I have a sinusoidal input beginning at time (t = 0). \begin{equation} x(t) = e^{j \omega_0 t} \cdot u(t). \end{equation} The Laplace transform of my input is: \begin{equation} X(s) = \dfrac{1}{s - j \omega_0}. \end{equation} The Laplace transform of my output is: \begin{equation} Y(s) = H(s) \cdot \dfrac{1}{s - j \omega_0}, where \ H(s) \ is \ assumed \ to \ be \ a \ rational \ transfer \ function \end{equation} The next bit I don't understand. I can apparently decompose the transform of the output as: \begin{equation} Y(s) = \dfrac{A_1}{s-p_1} + \dfrac{A_2}{s-p_2} + \cdots + \dfrac{A_N}{s-p_N} + H(j \omega_0) \dfrac{1}{s- j \omega_0} \end{equation} Why has the argument of H(s) changed such that the transform of the unit impulse response is now \$H(j \omega_0)\$? Why is \$H(j \omega_0)\$ assigned to the fraction with \$s- j \omega_0\$, shouldn't there it be an arbitrary constant for all the fractions?
2 Answers
Why is \$H(jω_0) \$ assigned to the fraction with \$s−jω_0\$, shouldn't there it be an arbitrary constant for all the fractions?

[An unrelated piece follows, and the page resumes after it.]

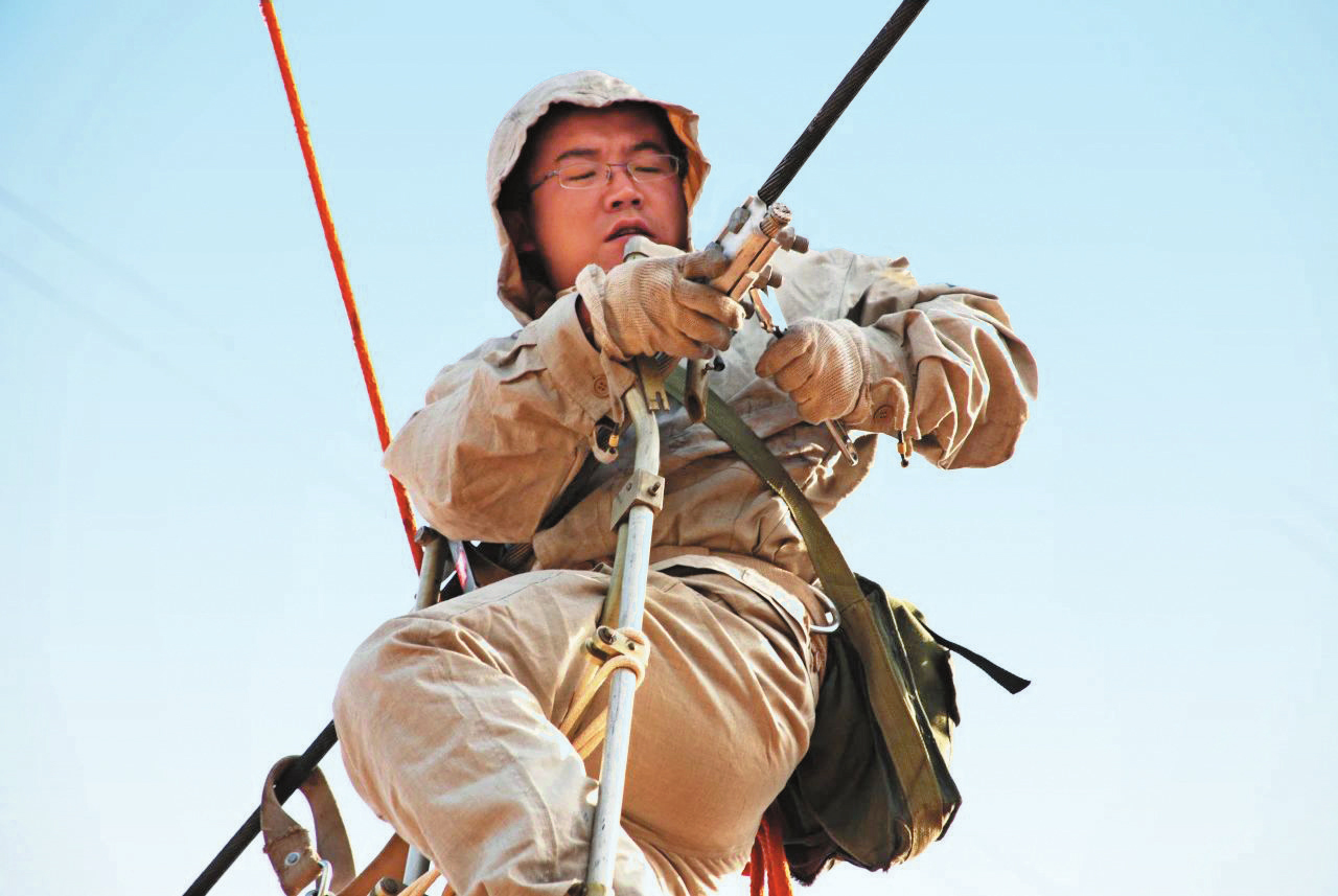 機(jī)會都是留給有準(zhǔn)備的人。上班第9個年頭,張杰第一次參加行業(yè)技能比賽。在國網(wǎng)忻州供電公司帶電技術(shù)比武中,他不僅取得個人第一名的好成績,還和隊(duì)友共同取得了團(tuán)體第一名的成績。在國網(wǎng)山西省電力公司組織的帶電技術(shù)比武中,他連續(xù)三屆獲得團(tuán)體前三名、個人前六名的成績。憑借過硬的技能素質(zhì),張杰成為帶電班班長。2009年,向神池義井變電站供電的220千伏萬義線3號塔—4號塔間導(dǎo)線出現(xiàn)斷股情況,嚴(yán)重影響轄區(qū)人民生產(chǎn)生活。面對這一險情,張杰帶領(lǐng)班組人員迅速趕赴現(xiàn)場。該故障點(diǎn)距地面有40多米高,由于陣風(fēng)強(qiáng)、檔距大,別說處理故障,爬軟梯登高都比平時困難。此時,張杰第一個換上工作服,爬上軟梯,經(jīng)過多次嘗試,最終順利完成維修任務(wù)。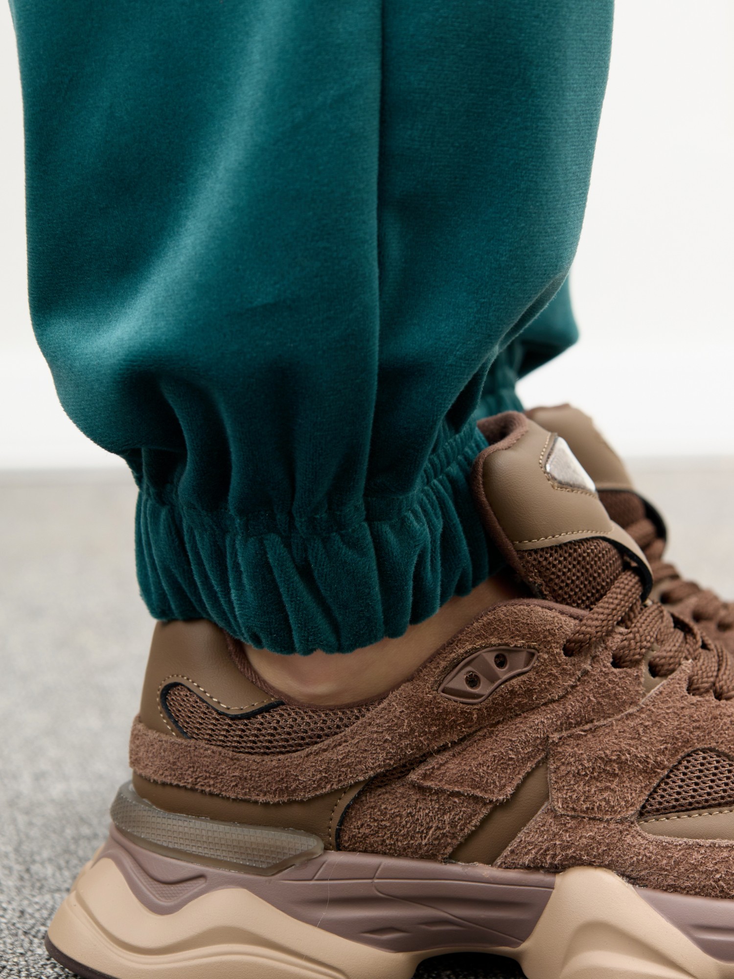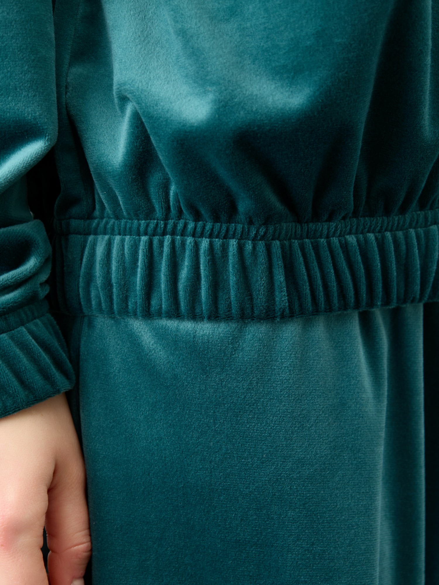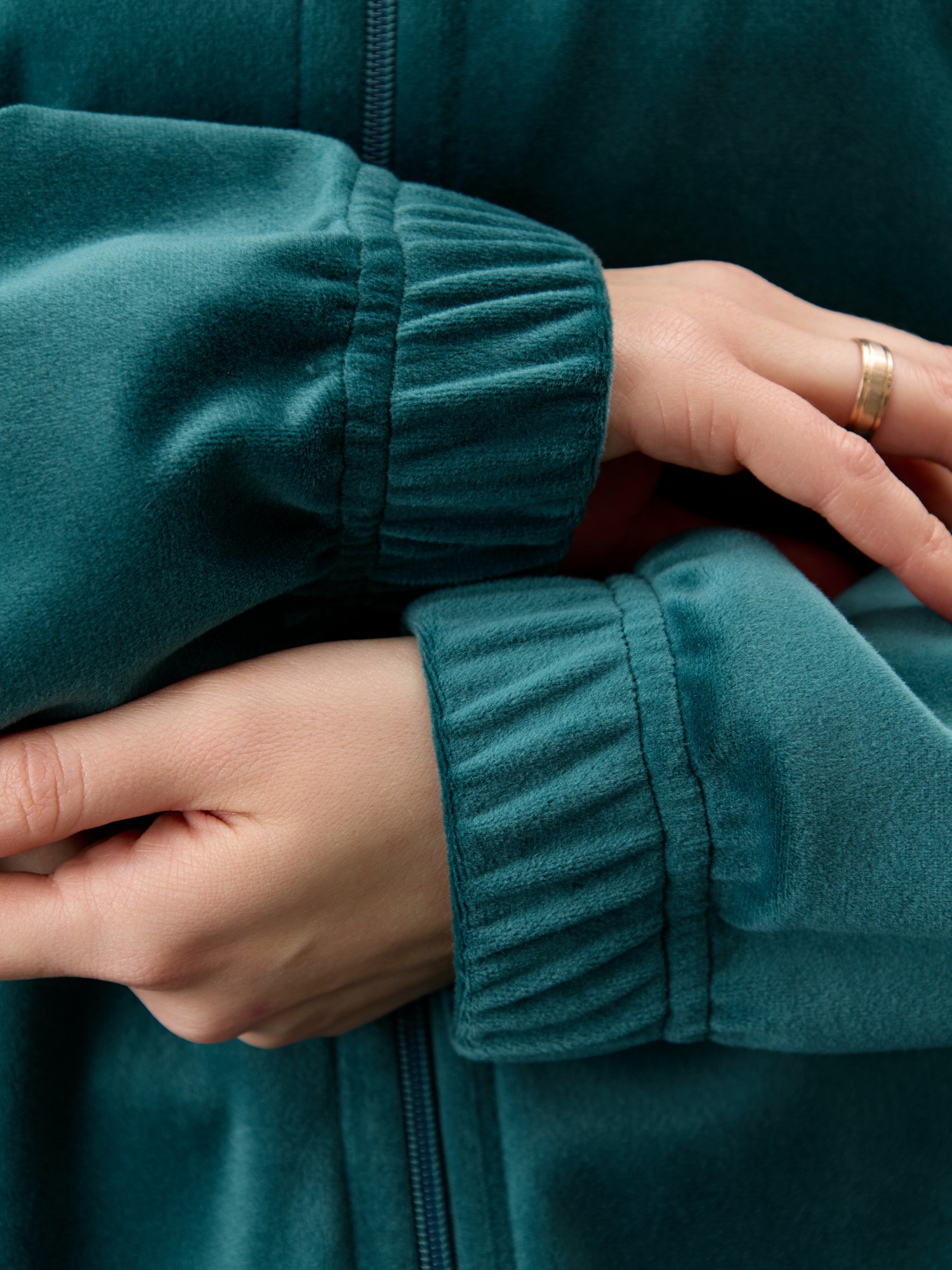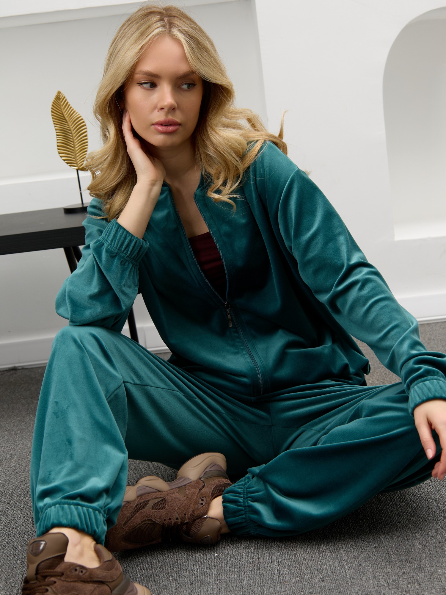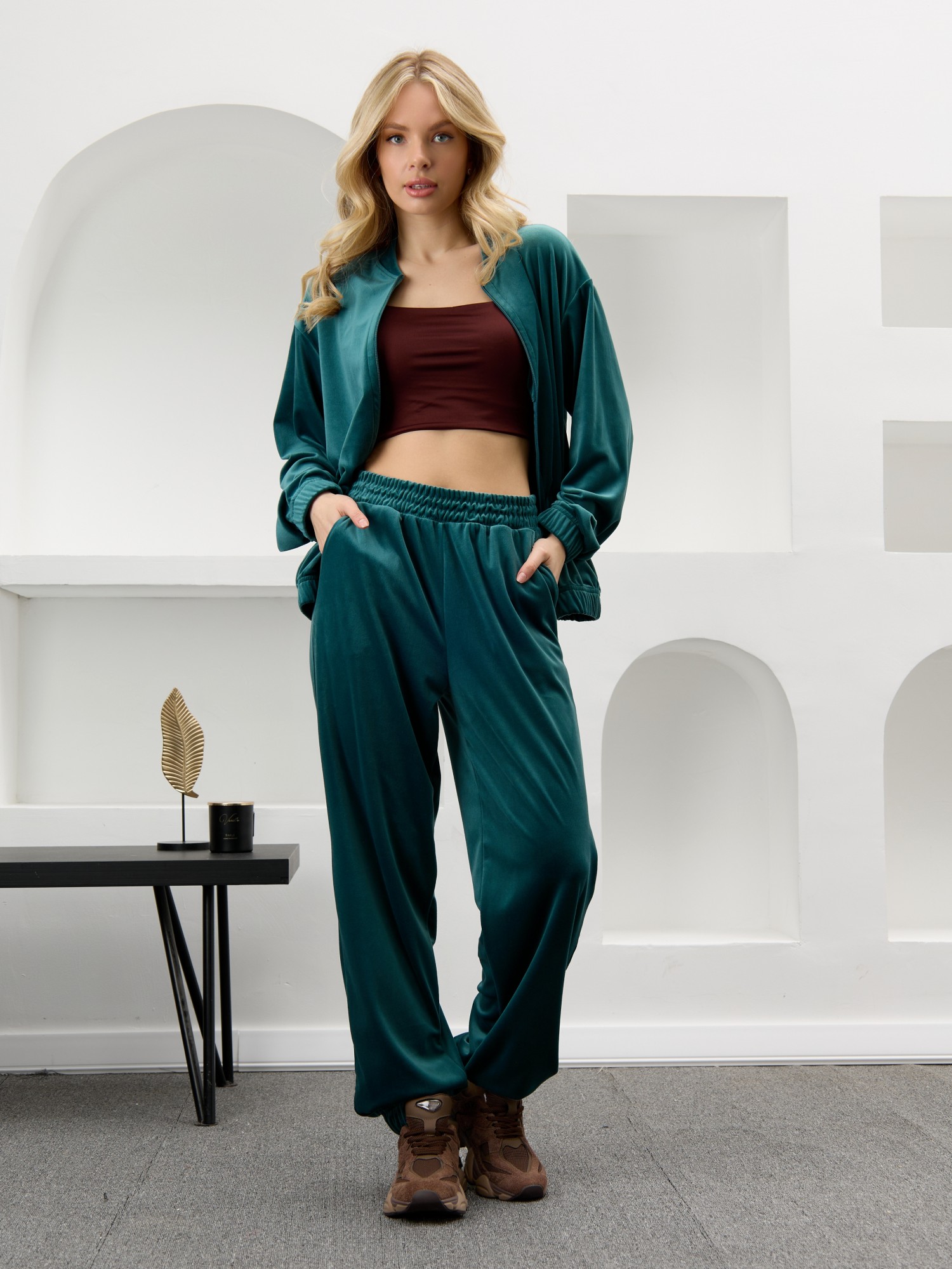 Костюм молодежный из гладкокрашенного полотна «велюр-стрейч», Куртка-бомбер прямого силуэта, свободная, с длинными втачными рукавами, горловиной овальной формы, обработанной втачной планкой, центральной бортовой застежкой на тесьму «молния». Низ изделия и нижние срезы рукавов обработаны подгибкой с вложением широкой эластичной тесьмы.Брюки – длинные, с карманами в боковых швах, на притачном поясе с эластичной тесьмой внутри. Нижние срезы обработаны подгибкой с вложением эластичной тесьмы.

You can assign an arbitrary constant to the fraction with \$s−jω_0\$. But you will be getting \$H(j\omega_0)\$ after evaluating it.
Proof
If Y(s) can be decomposed using partial fraction as follows,
\begin{equation} Y(s) = \dfrac{A_1}{s-p_1} + \dfrac{A_2}{s-p_2} + \cdots + \dfrac{A_N}{s-p_N} \end{equation}
then by residue method, \$i^{th}\$ coefficient (\$i<n\$), the coefficient of \$\dfrac{1}{s-p_i}\$ in partial fraction decomposed form can be calculated as:
$$A_i = \left[Y(s)\times(s-p_i)\right]_{s=p_i}$$
So the coefficient of \$\dfrac{1}{s-j\omega_0}\$ in your problem will bewill be:
$$ = \left[H(s) . \frac{1}{s-j\omega_0}\times(s-j\omega_0)\right]_{s=j\omega_0} = H(j\omega_0)$$
PS: See an example using residue method. See this also.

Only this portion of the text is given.